→ Data extracts
═══

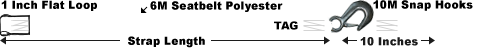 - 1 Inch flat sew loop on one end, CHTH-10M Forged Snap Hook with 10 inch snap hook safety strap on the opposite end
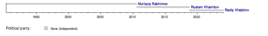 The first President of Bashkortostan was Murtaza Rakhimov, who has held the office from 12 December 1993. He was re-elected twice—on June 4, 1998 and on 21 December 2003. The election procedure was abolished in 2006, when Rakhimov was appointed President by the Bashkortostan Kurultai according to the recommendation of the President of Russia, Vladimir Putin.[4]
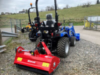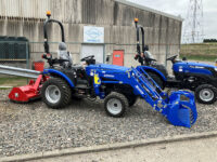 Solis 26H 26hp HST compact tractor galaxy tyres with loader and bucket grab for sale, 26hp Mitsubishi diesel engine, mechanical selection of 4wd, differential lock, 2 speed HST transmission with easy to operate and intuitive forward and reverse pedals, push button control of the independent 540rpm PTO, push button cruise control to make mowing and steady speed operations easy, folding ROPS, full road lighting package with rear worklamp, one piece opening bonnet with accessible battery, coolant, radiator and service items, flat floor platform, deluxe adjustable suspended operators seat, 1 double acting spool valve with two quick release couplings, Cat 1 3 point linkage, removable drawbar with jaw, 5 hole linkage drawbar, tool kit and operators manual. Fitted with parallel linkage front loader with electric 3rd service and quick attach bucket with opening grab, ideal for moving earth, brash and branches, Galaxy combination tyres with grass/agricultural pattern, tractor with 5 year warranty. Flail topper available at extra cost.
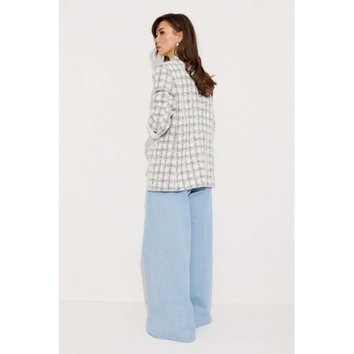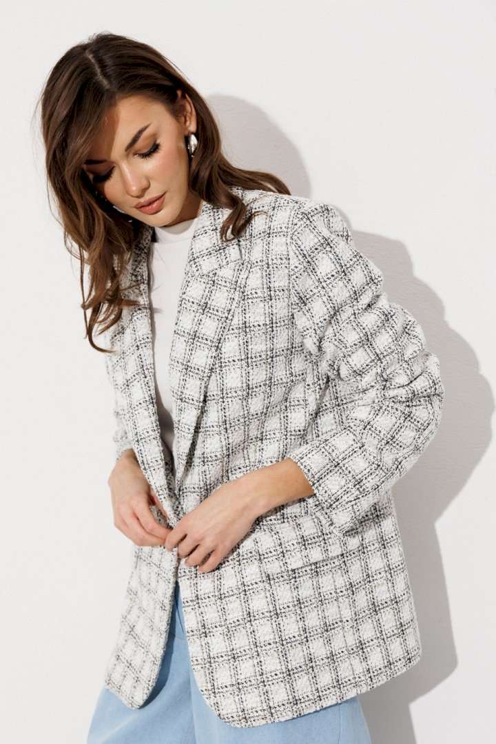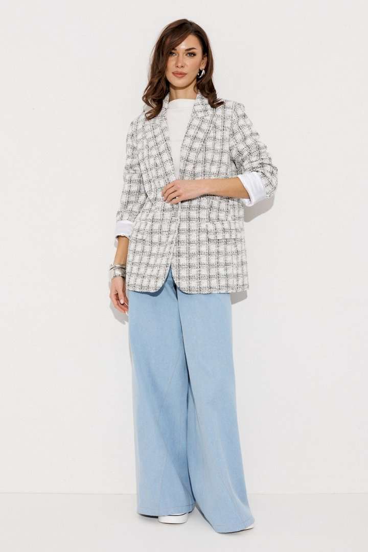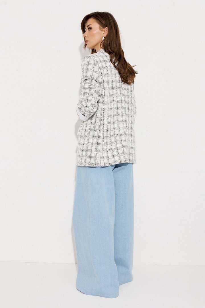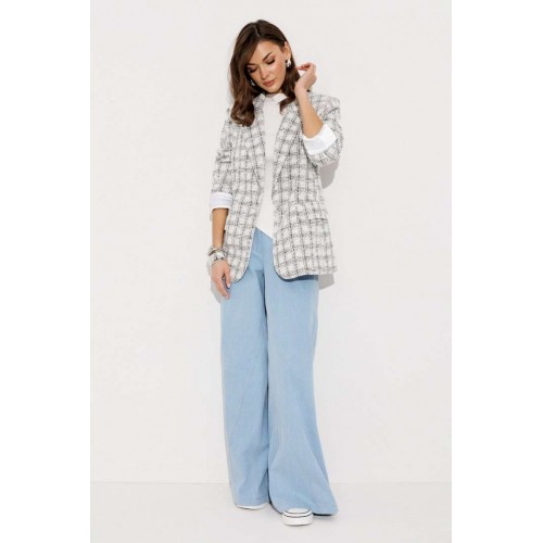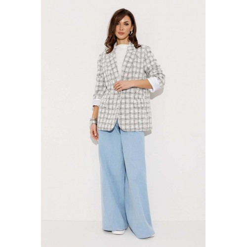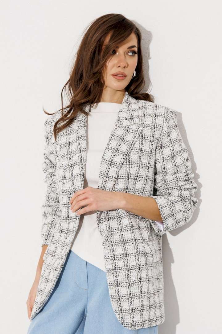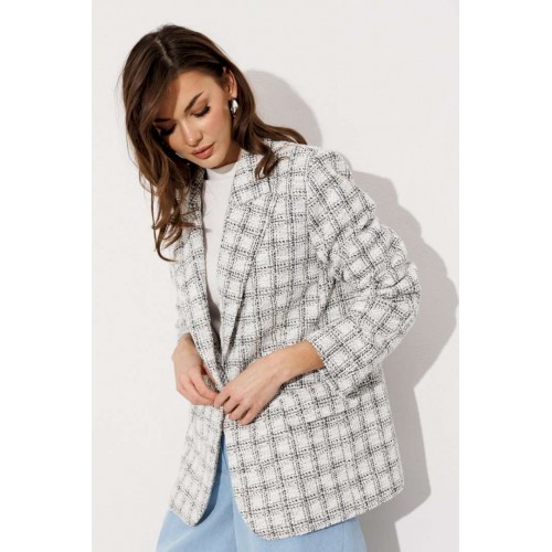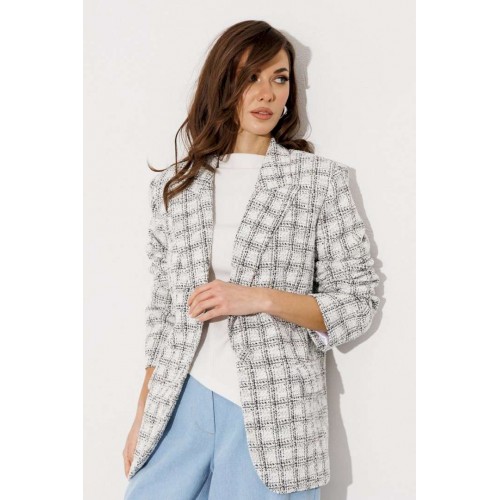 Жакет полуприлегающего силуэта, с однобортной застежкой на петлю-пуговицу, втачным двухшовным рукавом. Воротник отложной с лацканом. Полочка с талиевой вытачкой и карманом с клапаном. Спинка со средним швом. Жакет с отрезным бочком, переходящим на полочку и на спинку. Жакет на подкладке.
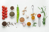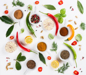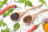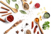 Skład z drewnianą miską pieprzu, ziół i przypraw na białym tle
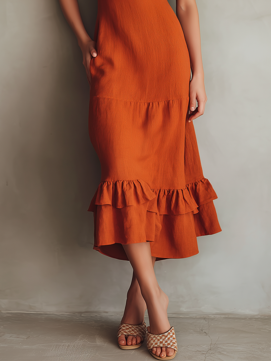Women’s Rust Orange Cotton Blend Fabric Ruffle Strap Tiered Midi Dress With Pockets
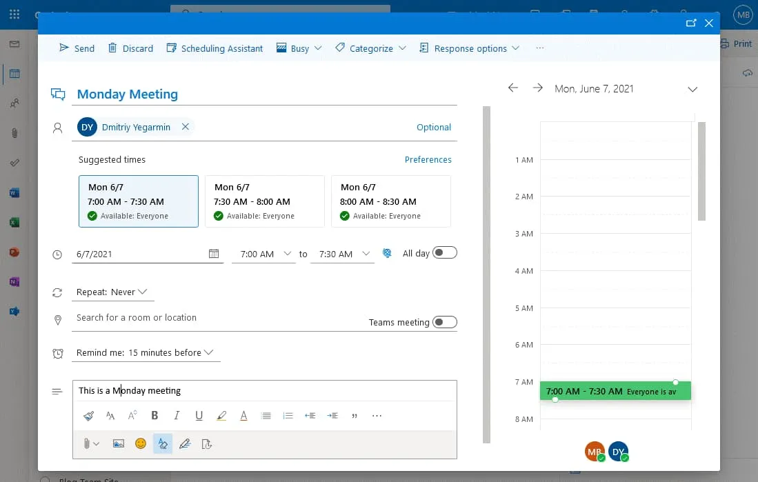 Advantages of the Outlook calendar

═══

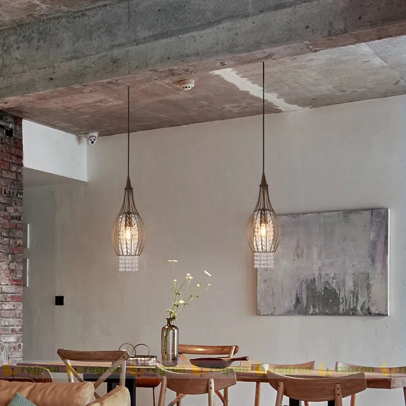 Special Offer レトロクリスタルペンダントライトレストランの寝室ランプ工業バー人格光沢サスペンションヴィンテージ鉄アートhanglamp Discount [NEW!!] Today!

═══

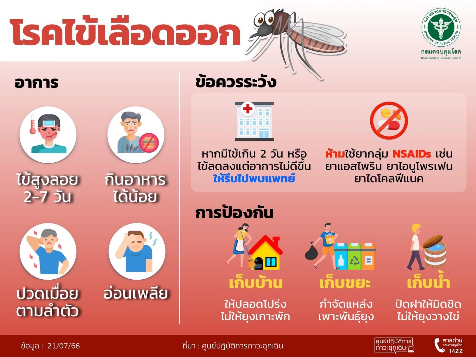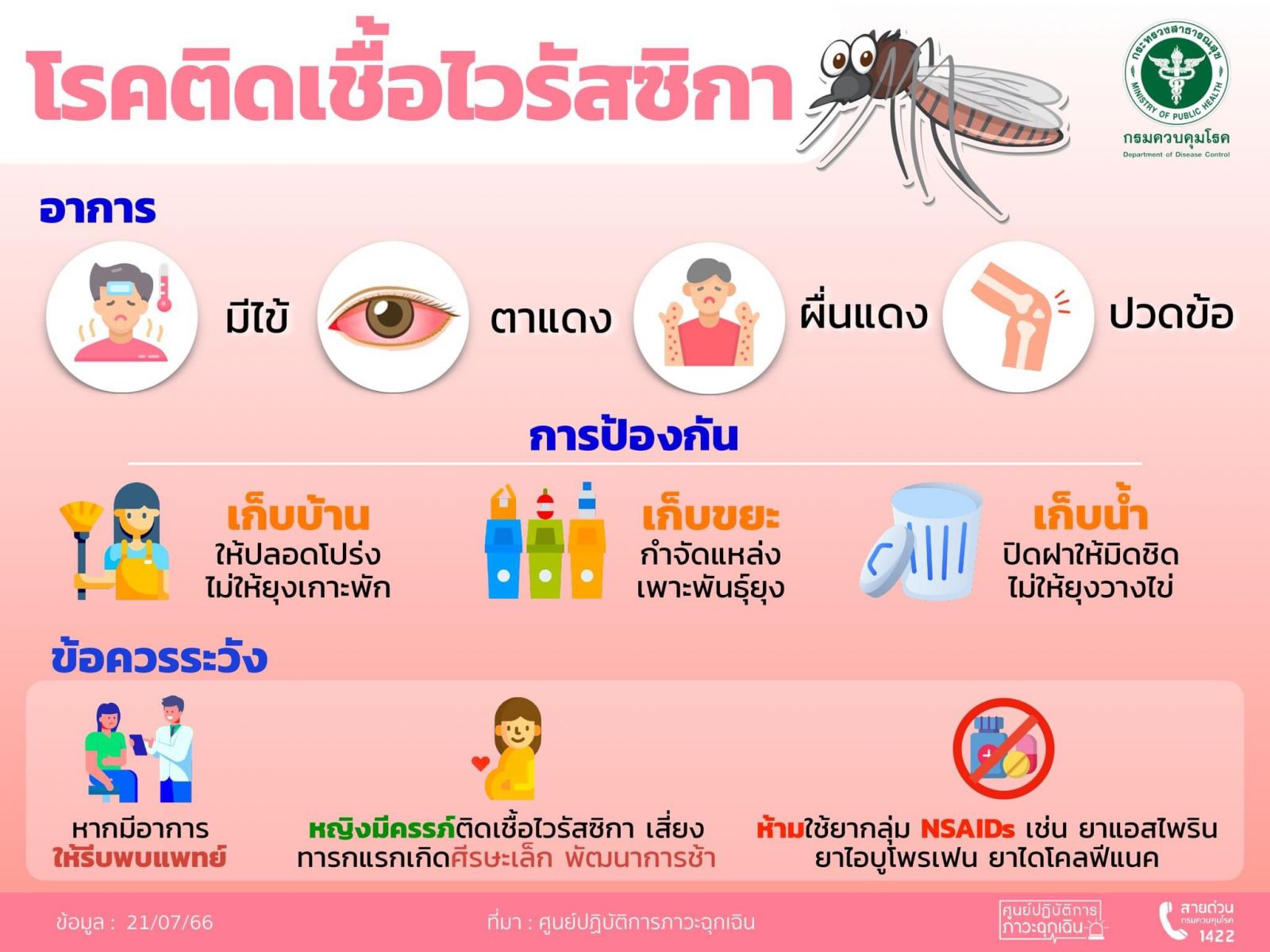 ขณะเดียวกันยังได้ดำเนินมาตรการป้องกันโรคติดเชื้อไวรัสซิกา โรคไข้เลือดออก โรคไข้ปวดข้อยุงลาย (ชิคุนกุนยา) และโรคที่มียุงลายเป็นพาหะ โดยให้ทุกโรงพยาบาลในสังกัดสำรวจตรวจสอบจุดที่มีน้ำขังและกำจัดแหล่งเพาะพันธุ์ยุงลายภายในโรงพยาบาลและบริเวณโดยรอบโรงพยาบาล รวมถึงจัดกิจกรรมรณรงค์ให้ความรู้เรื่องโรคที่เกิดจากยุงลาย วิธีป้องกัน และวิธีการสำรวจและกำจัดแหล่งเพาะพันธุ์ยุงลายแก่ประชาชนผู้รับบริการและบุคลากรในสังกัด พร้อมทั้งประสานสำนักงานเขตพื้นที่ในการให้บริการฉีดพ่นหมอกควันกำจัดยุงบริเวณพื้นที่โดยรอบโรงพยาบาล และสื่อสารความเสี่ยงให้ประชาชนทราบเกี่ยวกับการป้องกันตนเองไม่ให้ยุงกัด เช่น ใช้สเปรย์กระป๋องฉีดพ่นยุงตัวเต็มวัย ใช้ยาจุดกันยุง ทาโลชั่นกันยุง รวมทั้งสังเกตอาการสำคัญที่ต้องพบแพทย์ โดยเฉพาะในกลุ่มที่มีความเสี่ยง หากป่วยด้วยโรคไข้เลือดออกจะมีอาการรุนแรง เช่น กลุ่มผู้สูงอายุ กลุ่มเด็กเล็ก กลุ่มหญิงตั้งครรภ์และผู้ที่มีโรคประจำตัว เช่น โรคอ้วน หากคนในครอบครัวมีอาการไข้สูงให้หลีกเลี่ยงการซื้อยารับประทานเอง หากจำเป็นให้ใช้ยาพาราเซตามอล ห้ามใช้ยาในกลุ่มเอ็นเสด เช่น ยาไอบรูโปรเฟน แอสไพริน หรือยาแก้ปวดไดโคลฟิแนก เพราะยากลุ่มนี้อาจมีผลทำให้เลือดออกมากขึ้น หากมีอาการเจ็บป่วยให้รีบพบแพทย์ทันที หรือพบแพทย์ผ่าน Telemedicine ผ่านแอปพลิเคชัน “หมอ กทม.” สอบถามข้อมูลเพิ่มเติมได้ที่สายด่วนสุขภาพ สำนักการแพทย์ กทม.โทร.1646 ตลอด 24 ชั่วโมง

═══

→ To do
Because only one stretch of the records is wanted, please output the lines from the one holding "Skład z drewnianą" through the one holding "Advantages of the Outlook calendar" exactly, both included, and leave every picture out.

→ Answer for this exercise
 Skład z drewnianą miską pieprzu, ziół i przypraw na białym tle
Women’s Rust Orange Cotton Blend Fabric Ruffle Strap Tiered Midi Dress With Pockets
 Advantages of the Outlook calendar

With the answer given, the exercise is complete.